>>

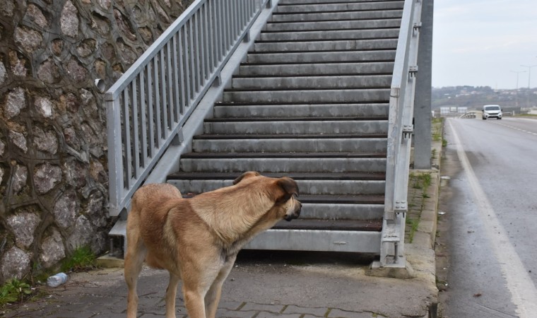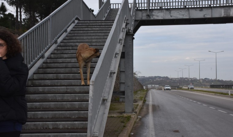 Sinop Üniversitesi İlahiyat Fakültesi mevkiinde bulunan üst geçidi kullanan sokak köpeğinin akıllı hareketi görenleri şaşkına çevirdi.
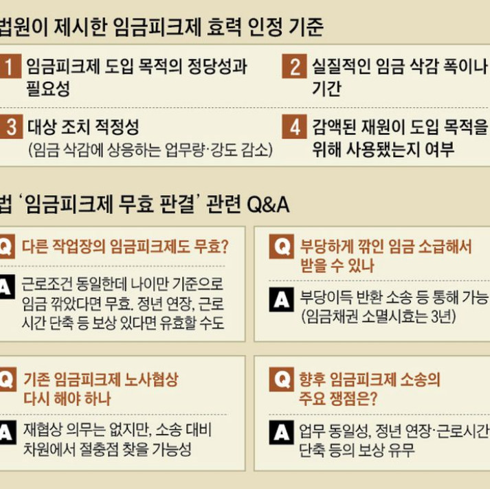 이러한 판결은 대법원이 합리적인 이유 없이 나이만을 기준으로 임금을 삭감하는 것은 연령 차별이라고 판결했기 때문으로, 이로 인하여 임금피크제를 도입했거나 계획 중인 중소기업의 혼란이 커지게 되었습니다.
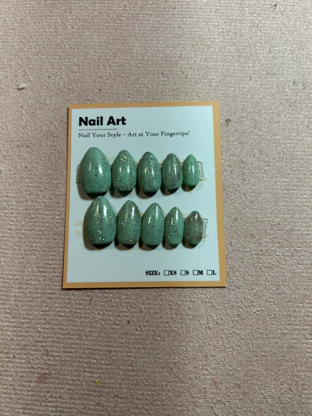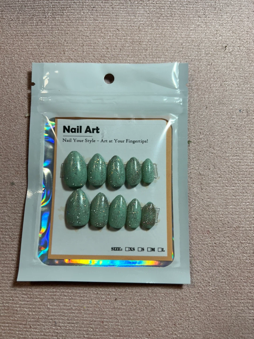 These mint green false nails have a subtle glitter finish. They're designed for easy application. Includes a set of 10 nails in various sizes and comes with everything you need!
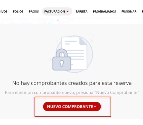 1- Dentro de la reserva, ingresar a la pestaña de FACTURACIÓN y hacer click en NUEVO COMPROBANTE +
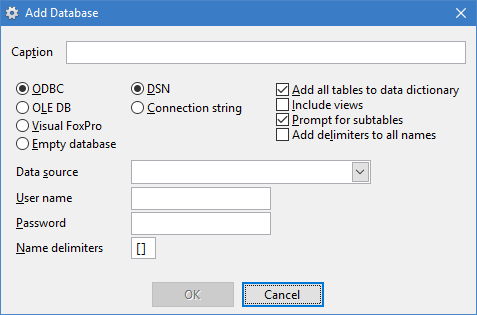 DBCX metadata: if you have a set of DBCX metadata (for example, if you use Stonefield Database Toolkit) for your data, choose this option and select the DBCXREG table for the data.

<<
>>

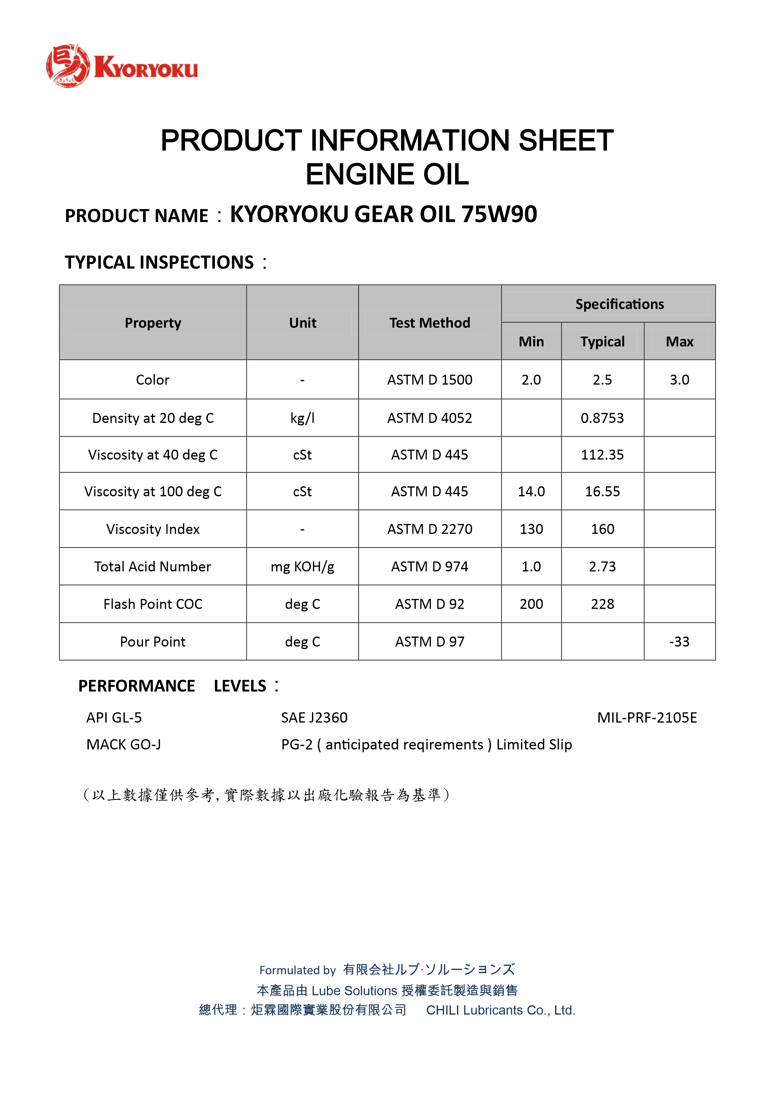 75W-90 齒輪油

<<
>>

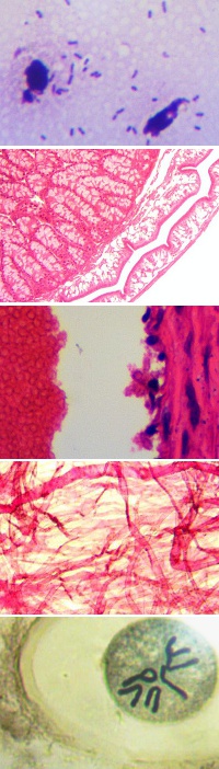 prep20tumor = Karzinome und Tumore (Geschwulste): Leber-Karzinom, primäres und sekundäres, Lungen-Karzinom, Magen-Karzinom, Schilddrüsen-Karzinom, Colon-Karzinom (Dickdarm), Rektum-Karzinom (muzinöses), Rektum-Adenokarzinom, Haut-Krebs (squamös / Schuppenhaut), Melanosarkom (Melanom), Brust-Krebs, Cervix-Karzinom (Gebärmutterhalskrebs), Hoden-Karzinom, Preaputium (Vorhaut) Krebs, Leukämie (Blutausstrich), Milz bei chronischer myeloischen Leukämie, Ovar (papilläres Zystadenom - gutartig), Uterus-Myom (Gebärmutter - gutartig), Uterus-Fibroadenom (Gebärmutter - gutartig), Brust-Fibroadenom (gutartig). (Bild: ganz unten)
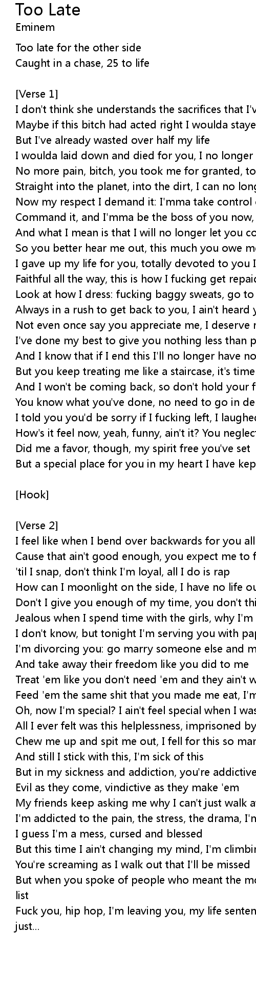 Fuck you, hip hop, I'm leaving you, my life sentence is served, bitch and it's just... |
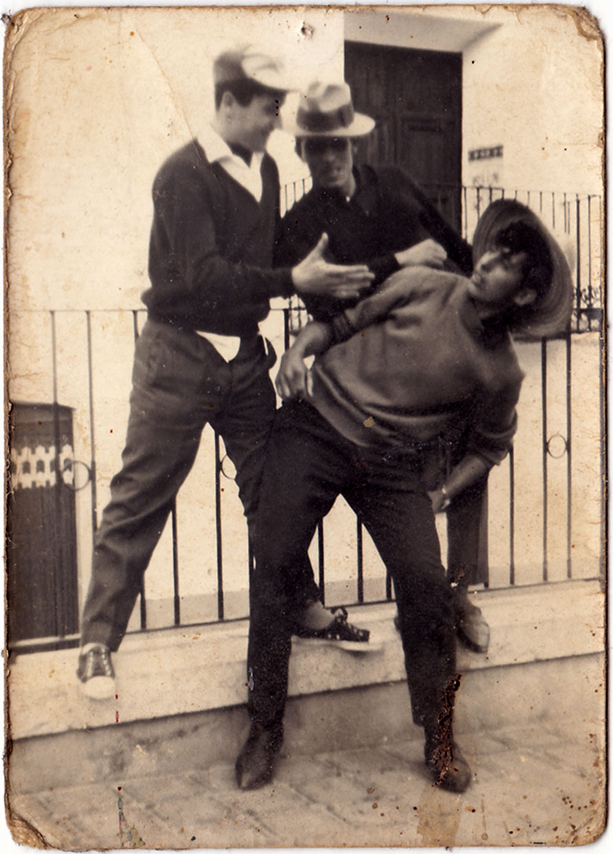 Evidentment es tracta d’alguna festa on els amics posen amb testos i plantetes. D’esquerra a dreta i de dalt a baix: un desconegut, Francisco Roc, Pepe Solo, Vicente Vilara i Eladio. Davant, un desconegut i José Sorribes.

<<

* **What the task asks**:
Please copy out from the data above, without any picture, exactly the lines running from the one that holds "Fuck you, hip" through the one that holds "Evidentment es tracta", and nothing beyond them.

* **Reply to the task**:
 Fuck you, hip hop, I'm leaving you, my life sentence is served, bitch and it's just... |
 Evidentment es tracta d’alguna festa on els amics posen amb testos i plantetes. D’esquerra a dreta i de dalt a baix: un desconegut, Francisco Roc, Pepe Solo, Vicente Vilara i Eladio. Davant, un desconegut i José Sorribes.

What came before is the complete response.